24.16.1012    RECORDING WORKING TIME

(1) Applicable regulations governing keeping of records. Section 39-3-403 MCA of the law authorizes the Commissioner to promulgate regulations requiring the keeping of records of hours worked, wages paid and other conditions of employment.

(2) Where records show insubstantial or insignificant periods of time. In recording working time under the law, insubstantial or insignificant periods of time beyond the scheduled working hours, which cannot as a practical administrative matter be precisely recorded for payroll purposes, may be disregarded. This rule applies only where there are uncertain and indefinite periods of time involved of a few seconds or minutes duration, and where the failure to count such time is due to considerations justified by industrial realities. An employer may not arbitrarily fail to count as hours working time or practically ascertainable periods of time he is regularly required to spend on duties assigned to him:

(3) Use of time clocks.

(a) Differences between clock records and actual hours worked. Time clocks are not required: In those cases where time clocks are used, employees who voluntarily come in before their regular starting time or remain after their closing time, do not have to be paid for such periods provided, of course, that they do not engage in any work. Their early or late clock punching may be disregarded. Minor differences between the clock records and actual hours worked cannot ordinarily be avoided, but major discrepancies should be discouraged since they raise a doubt as to the accuracy of the records of the hours actually worked.

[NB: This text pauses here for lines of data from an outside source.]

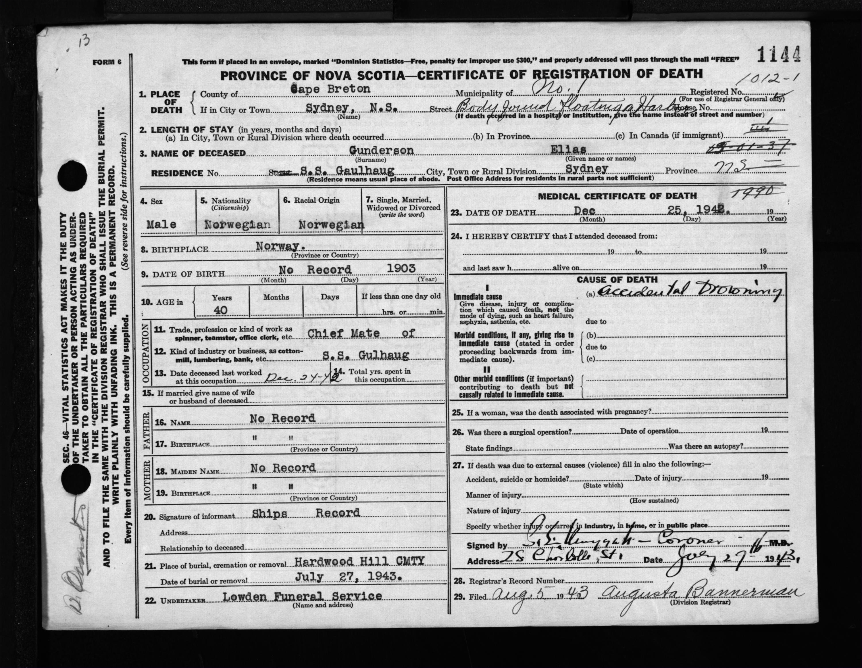 Male Death Registration: Year: 1942 file: 203 number: 1144
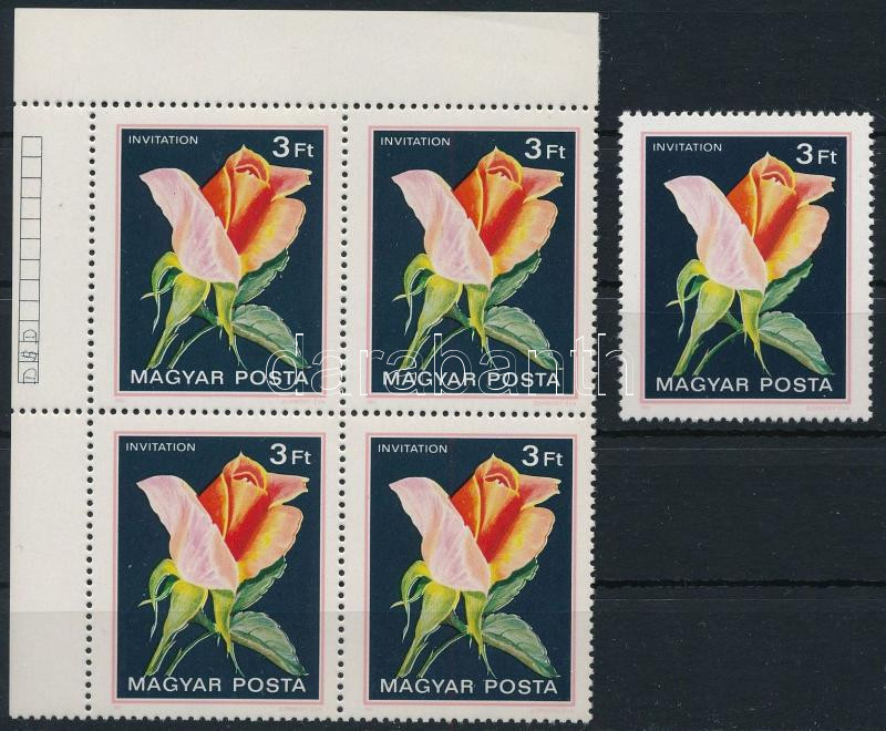 Leírás: 1982 Rózsák II. 3Ft ívsarki négyestömb színeltolódással + támpéldány
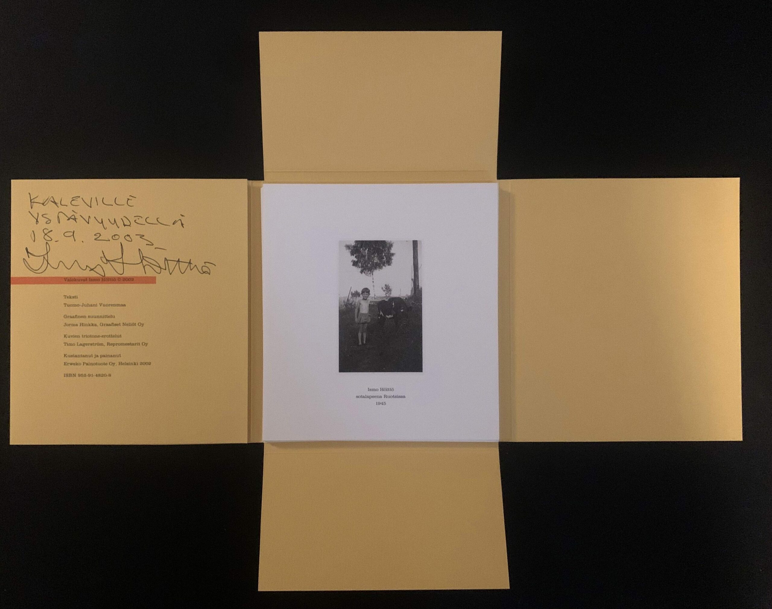 Helsinki, Erweko, 2002. Limited edition, nr. 109/600. Orange cardboard portfolio. A four-page text insert with one picture on cover and 16 loose black&white picture plates. Dimensions 16,5 x 15 cm.

(b) "Rounding practices". It has been found that in some industries, particularly where time clocks are used, there has been the practice for many years of recording the employee's starting time and stopping time to the nearest 5 minutes, or to the nearest one-tenth or quarter of an hour. Presumably this arrangement averages out so that the employees are fully compensated for all the time they actually work. For enforcement purposes this practice of computing working time will be accepted, provided that it is used in such a manner that it will not result, over a period of time, in failure to compensate the employees properly for all the time they have actually worked.

History: Sec. 39-3-403, MCA; IMP, Sec. 39-3-404 & 39-3-405, MCA; Eff. 12/31/72.